# [Exercise objective]
The first line of the listing opens the range and the line with "GasAlert MicroClip XL" closes it; repeat those lines and all between them word for word, leaving out the pictures.

# [Entries shown]
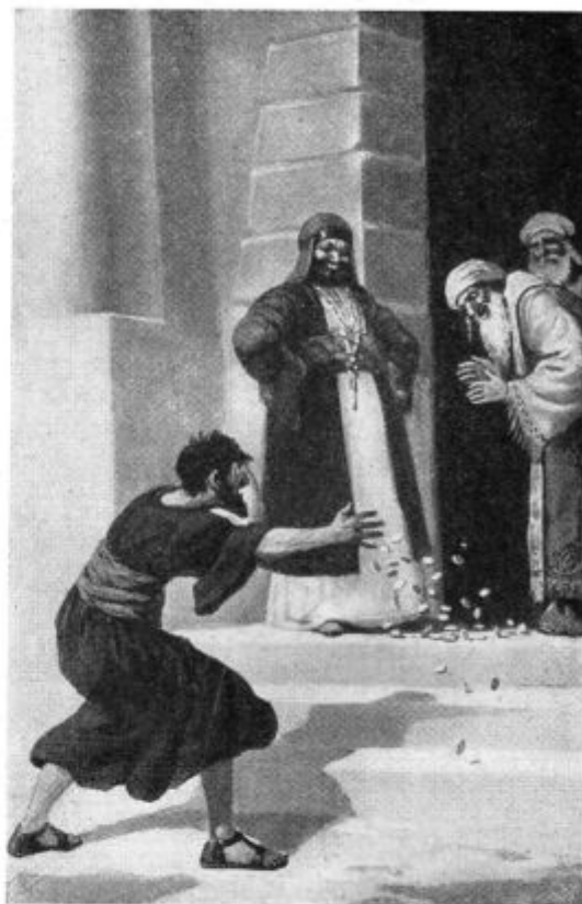
Juda izdajavec — obupa.

Tako bodo člani (družine) deležni ne le nadnaravnih milosti, ki jih nudi vestno spolnjevanje bratovskih pravil, ampak bodo kot
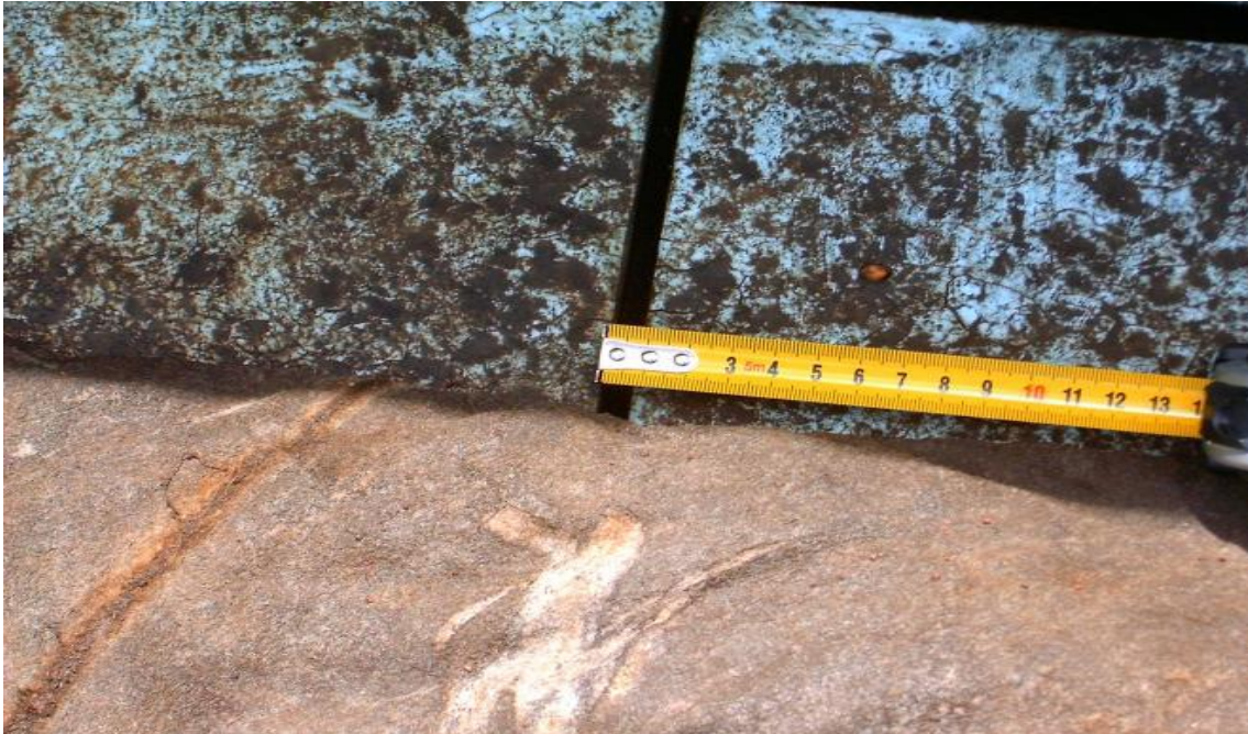
Puentes térmicos XPS
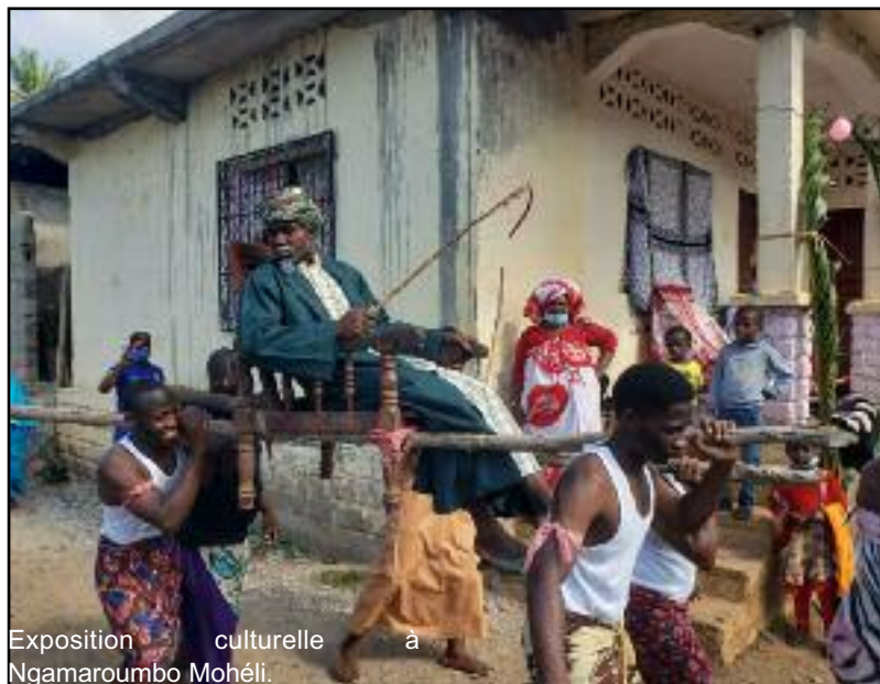
Exposition culturelle à Ngamarumbo Mohéli.
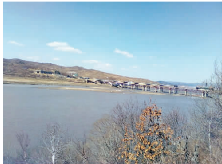
图们江的对岸就是朝鲜
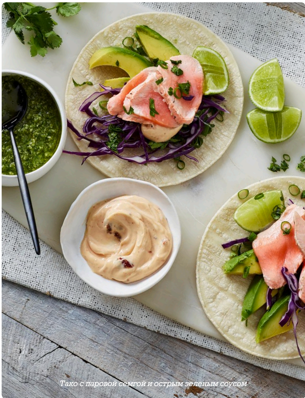
Тако с паровой семгой и острым зеленым соусом
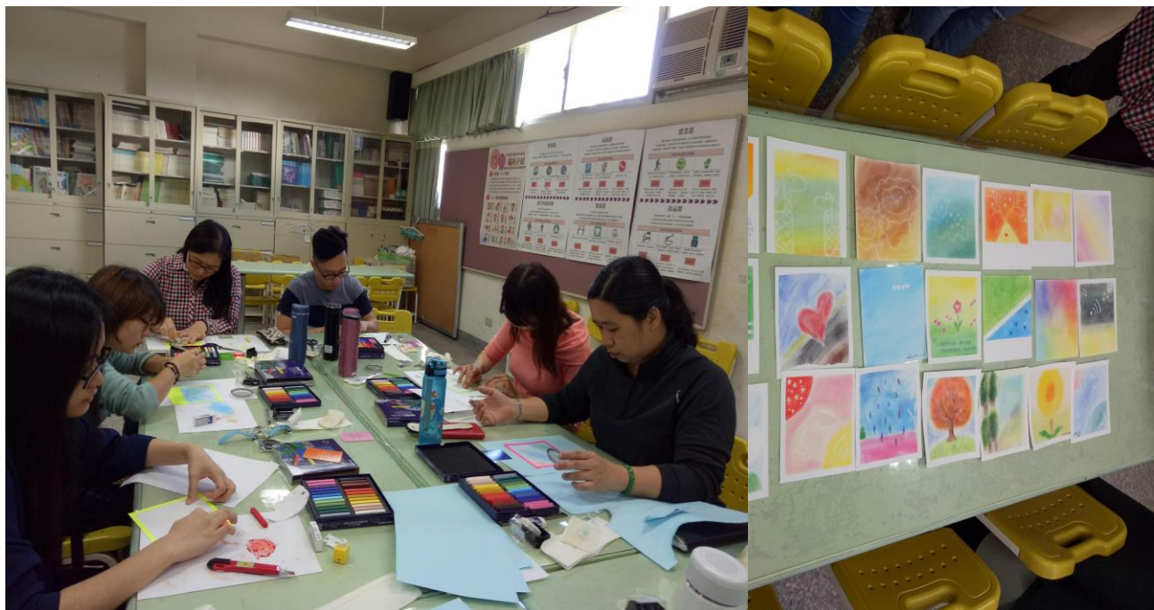
說明一、106/11/30 和諧粉彩療癒工作坊教師認真創作(左)/作品集(右)
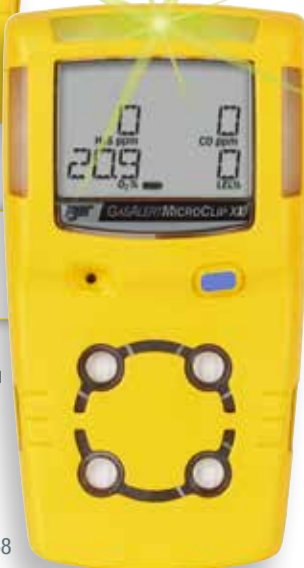
GasAlert MicroClip XL

NOUVEAU ! Les détecteurs GasAlertMicroClip X3 et GasAlertMicroClip XL offrent désormais un degré de protection IP68 pour une protection maximale contre l'eau et la poussière (jusqu'à 45 minutes à 1,2 m de profondeur).
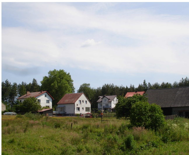
Tereny zurbanizowane – przeznaczone pod zabudowę
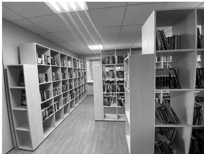
Централизованная библиотечная система в посёлке Ванино

Авторы проекта «Верба» для Центральной городской библиотеки имени П. Комарова в Хабаровске, получившие по результатам конкурса диплом первой степени, отметили, что похожие проекты они делали в рамках обучения, «но именно такой, общественно полезный, в нашей практике впервые. Его цветовое решение — светлые пастельные тона с яркими элементами: зелёными растениями, какими-то особенными уголками. Безусловно, мы учитывали мнение сотрудников библиотеки и её посетителей. Главный запрос — создать комфортную среду, где можно отдохнуть, собраться вместе для общения или проведения мероприятий. Сегодня библиотеки трансформируются и переходят в
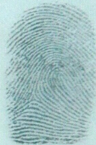
Indice derecho del menor
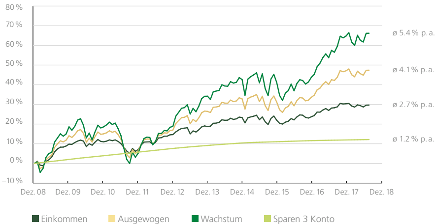
Anlagestrategien der St.Galler Kantonalbank im Vergleich zum Sparen 3 Konto Netto-Renditen nach Abzug aller Kosten

Auch wenn wir alle verschieden sind, ein Bedürfnis teilen wir alle: Wir möchten den Ruhestand in finanzieller Sicherheit geniessen können. Wege dahin gibt es verschiedene. Zusammen mit unseren Spezialisten können Sie je nach Risikoneigung Ihren ganz persönlichen Weg wählen, wie Sie in Ihre Zukunft investieren möchten.
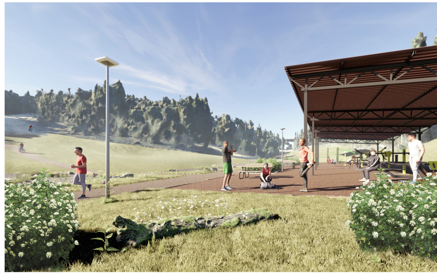
Näkymä "kanjonista" kohti länttä, oikealla ulkokuntosali.
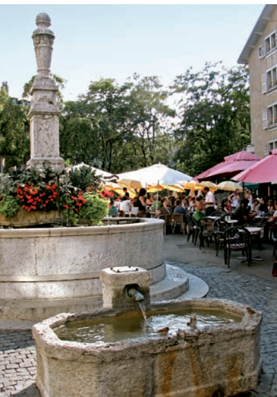
046ge Abb.: mb

Die Passage des Degrés-de-Poules (Hühnerleiter), eine kuriose durch
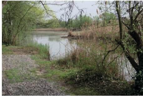
Ein Wiederansiedlungsgebiet in den Rheinauen

meist Tiere des Haplotyps IIa, der eine weite geographische Verbreitung von Mitteleuropa bis zur Donau-Mündung hat. Selbst unter der Voraussetzung, dass die Zuchttiere ausschließlich aus dem relativ großen Verbreitungsgebiet dieses Haplotyps stammen, existieren ihre nächsten natürlichen und stabilen Populationen erst in Ungarn, Kroatien und Slowenien oder in Mitteleuropa! Grundsätzlich ist nach dem gültigen Naturschutzrecht für das Aussetzen von Tieren, so auch bei Wieder-
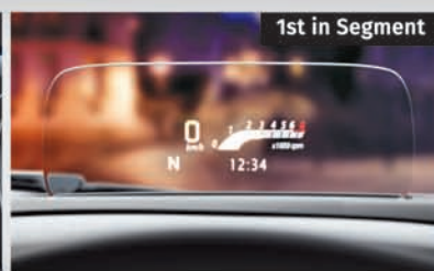
Head Up Display
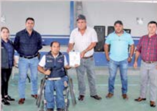
ENTREGA DE POLITICA PREVENCION DEL DELITO
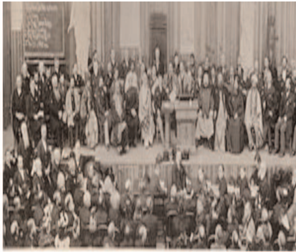
भाइयों एवं बहनों से की थी जिसके बाद सभागार में हर तरफ कई मिनटों

128 वर्ष पूर्व स्वामी विवेकानंद शिवांगी में विश्व धर्म सम्मेलन हुआ उस पर आज भी हम सभी भारतीय गर्व करते हैं स्वामी जी ने अपने भाषण की शुरुआत मेरे अमेरिकी
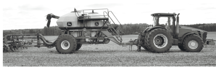
В СПК «Емуртлинский» эксплуатируются мощные посевные комплексы.

Чтобы вегетационный период растений протекал оптимально, сколько дел надо ещё прокрутить... Механизаторы «Емуртлинского» начали врезать минеральные удобрения под рапс. Для этого эксплуатируют агрегат СЗП-3,6. В дальнейшем, по словам главного агронома предприятия,
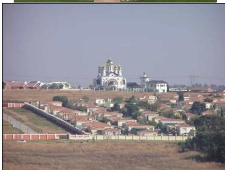
Илл. 2 - 4. Виды фасадов храма преп. Сергия Радонежского.
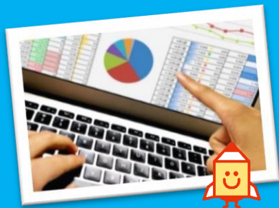
ハロートレーニング 魚がぼ学べ
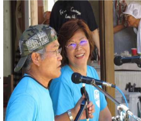
白保日曜市LIVE by横目研究所

LIVEの告知はFacebookでしか行ってないので、是非チェックしてください!
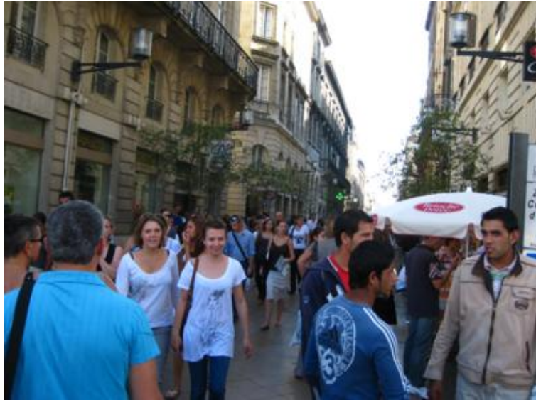
Burdeos. La Rue Ste.Cathérine

Nos vimos tres o cuatro tiendas de accesorios, compramos algunas cosillas, comimos tranquilamente en el camping, pasamos la tarde haciendo unas compras por la peatonal Rue de Sainte Cathérine -la principal calle comercial de Burdeos- y cenamos con los amigos. Un día “redondo”.
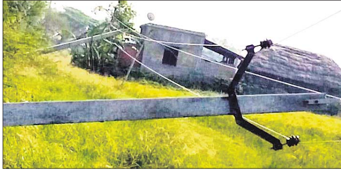
ବାହାବଳପୁରରେ ଉପୁଡ଼ି ପଡ଼ିଥିବା ବିଦ୍ୟୁତ୍ ଖୁଣ୍ଟ।

ଭଦ୍ରକ ଜିଲ୍ଲା ଡିହଡ଼ି ବ୍ଲକ୍ ଅଧୀନ ବାହାବଳପୁର ପଞ୍ଚାୟତ ନିକଟସ୍ଥ ଗ୍ରାମରେ ଥିବା ପାନୀୟଜଳ ପ୍ରକଳ୍ପ ଦୀର୍ଘ ୬ ମାସ ହେଲା ଅଟଳ ହୋଇ ପଡ଼ିଛି। ବାହାବଳପୁରରୁ ନିକଟସ୍ଥ ପ୍ରକଳ୍ପ ସହ ସଂଯୋଗ ଥିବା ୬ଟି ବିଦ୍ୟୁତ୍ ଖୁଣ୍ଟ ଉପୁଡ଼ି ପଡ଼ିଥିବାରୁ ଏକଳ ଅଟଳପଡ଼ି ଦେଖାଦେଇଛି। ଫଳରେ ଉପାନ୍ତ ଅଞ୍ଚଳର ଲୋକେ ବିଶୁଦ୍ଧ ପାନୀୟଜଳ ପାଇବାକୁ ବଞ୍ଚିତ ହେଉଛନ୍ତି। ଏହାଛଡ଼ା ଉପୁଡ଼ି ପଡ଼ି ରହିଥିବା ବିଦ୍ୟୁତ୍ ଖୁଣ୍ଟ ବିପଦସୂଚକ ଅବସ୍ଥାରେ ରହିଛି। ଏହାଦ୍ୱାରା ଧନଜୀବନ ହାନି ହେବାର ଆଶଙ୍କା ଥିବାରୁ ପାନୀୟ ଜଳ ଲୋକେ ଭୟଭୀତ ଅବସ୍ଥାରେ ରହିଛନ୍ତି।
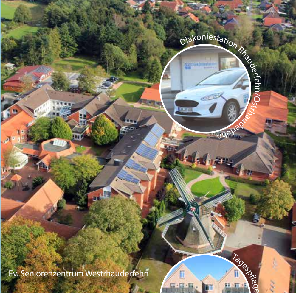
Ev. Seniorenzentrum Westrhaderfehn

Tel.: 0 49 52 / 92 03 0 • info@reilstift.de www.reilstift.de
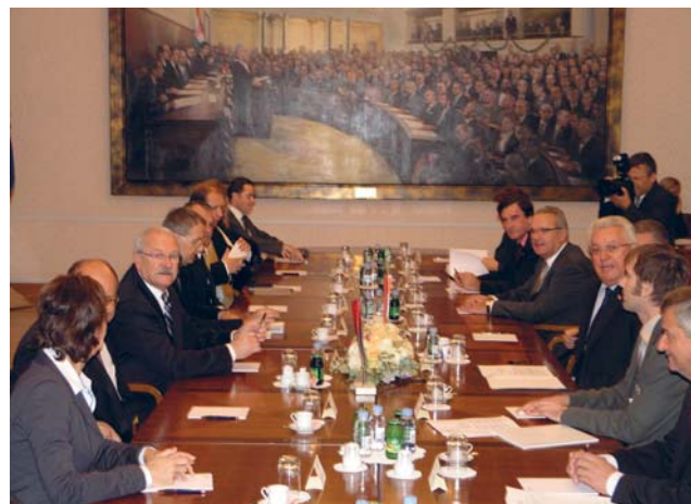
Predsjednik Sabora Bebić s predsjednikom Slovačke Republike Gašparovičem
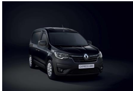
SORT "NACRE" (676)

Samtlige priser er anbefalte priser. Vi forbeholder oss retten til når som helst og uten forvarsel å kunne forandre gjeldende priser og spesifikasjoner.
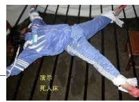
▲酷刑示意图：死人床

# [Exercise result]
Juda izdajavec — obupa.

Tako bodo člani (družine) deležni ne le nadnaravnih milosti, ki jih nudi vestno spolnjevanje bratovskih pravil, ampak bodo kot
Puentes térmicos XPS
Exposition culturelle à Ngamarumbo Mohéli.
图们江的对岸就是朝鲜
Тако с паровой семгой и острым зеленым соусом
說明一、106/11/30 和諧粉彩療癒工作坊教師認真創作(左)/作品集(右)
GasAlert MicroClip XL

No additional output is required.